Each node has three edges, proof that we can make 4 pairs of nodes which are not connected

Question

Question. Graph $G$ has 8 nodes, each node has 3 edges. Proof that it is able to split the nodes into 4 pairs which is not connected each other.

For example, we can divide it like the picture shown below.

My approach.

I can solve this problem by dividing the possible cases into four.

When I set the nodes $V_1, V_2, \cdots, V_8$, WLOG Let $V_1$ and $V_2, V_3, V_4$ connected each other.

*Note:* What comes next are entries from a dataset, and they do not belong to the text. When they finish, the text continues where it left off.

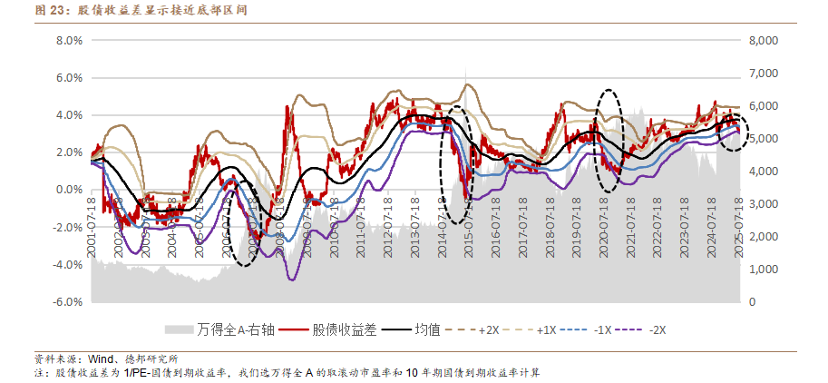 实际上,资产性价比的转移才是核心推力。2024年9月至今,上证指数上涨超40%,而同期1年期银行存款利率仅1.5%、3年期国债收益率在1.4%-1.6%区间震荡,权益资产与低风险资产的“收益差”持续走扩,形成强大资金引力场。2000年以来的规律显示,该指标触及负两倍标准差后,股市往往有不错的表现。股债“跷跷板”效应下,存款利率持续下行有望推动居民资产重配,存款利率下降的大背景下,资金有望从债基、货基流向权益市场。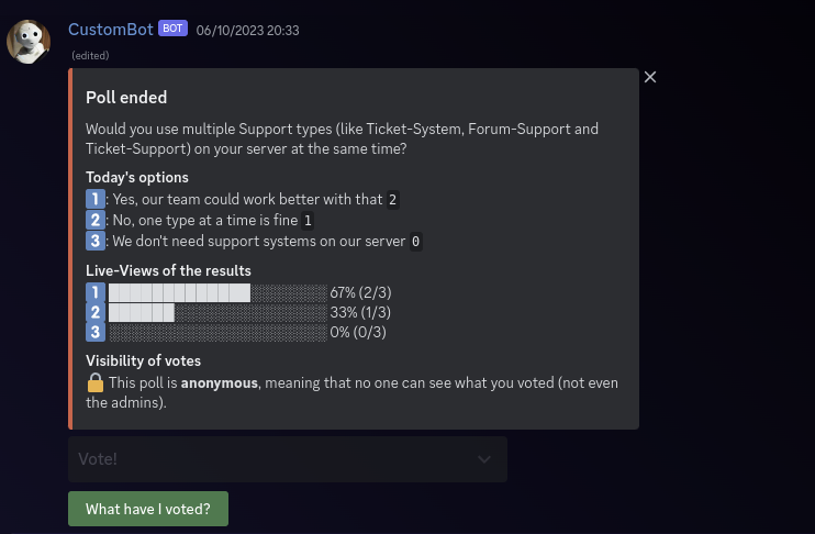 EmojisIn diesen Feldern kannst du die Emojis anpassen, die neben jeder Abstimmungsoption im Dropdown-Menü und im Embed angezeigt werden. Stelle sicher, dass du Unicode-Werte für integrierte Emojis oder gültige Emoji-IDs (nicht nur den Namen) für benutzerdefinierte Emojis eingibst.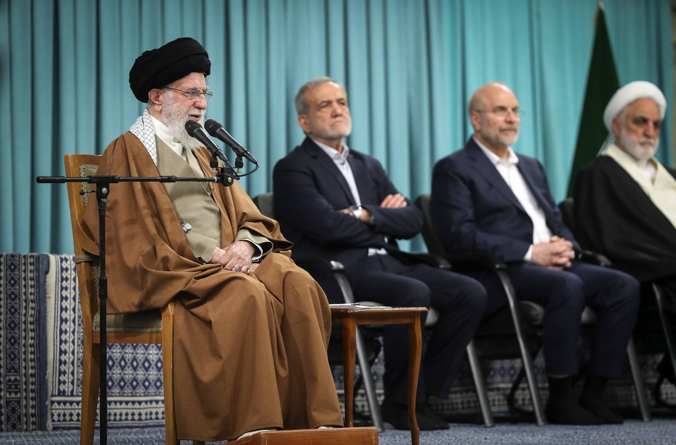 المرشد الإيراني يلتقي مع مسؤولين ويبدو خلفه بزشكيان ورئيس البرلمان محمد باقر قاليباف ورئيس القضاء غلام حسين محسني إجئي (أ.ب)

We can divide the cases into four, which is:

1. $V_2, V_3, V_4$ is all connected each other (So, there are three pairs connected each other)
2. Only two pairs of $V_2, V_3, V_4$ is connected each other
3. Only one pair of $V_2, V_3, V_4$ is connected each other
4. No pairs of $V_2, V_3, V_4$ is connected each other

The problem is, I think I can solve this problem in this way, but I think there is a better way.

What should it be?

Answer 1

Hint

Your computation will work but it is indeed a bit tedious, and would quickly be not feasible with higher number of nodes. If you want to do something "neat":

Call $G=(V,E)$ your graph, on 8 nodes, 3-regular, hence on 12 edges. Note that your problem is equivalent to

Find a perfect matching in the complement of $G$

Indeed If you find a perfect matching in $G^c$ (the complement of $G$), then you will have a way to pair all nodes, with no edges (in $G$) between elements of a pair. Now your graph $G^c$ has 8 nodes, and is 4-regular. Do you have notions of perfect matching? and how to prove they exist?

To finish you could

Say that you have a 4-regular graph with $n=8$ nodes, hence the graph must be connected. Hence the graph includes an eulerian cycle. Select every other edges in this cycle and you end up with a 2 factors, made up of collection of even cycle. select every second edges in these cycles and you obtain the desired perfect matching.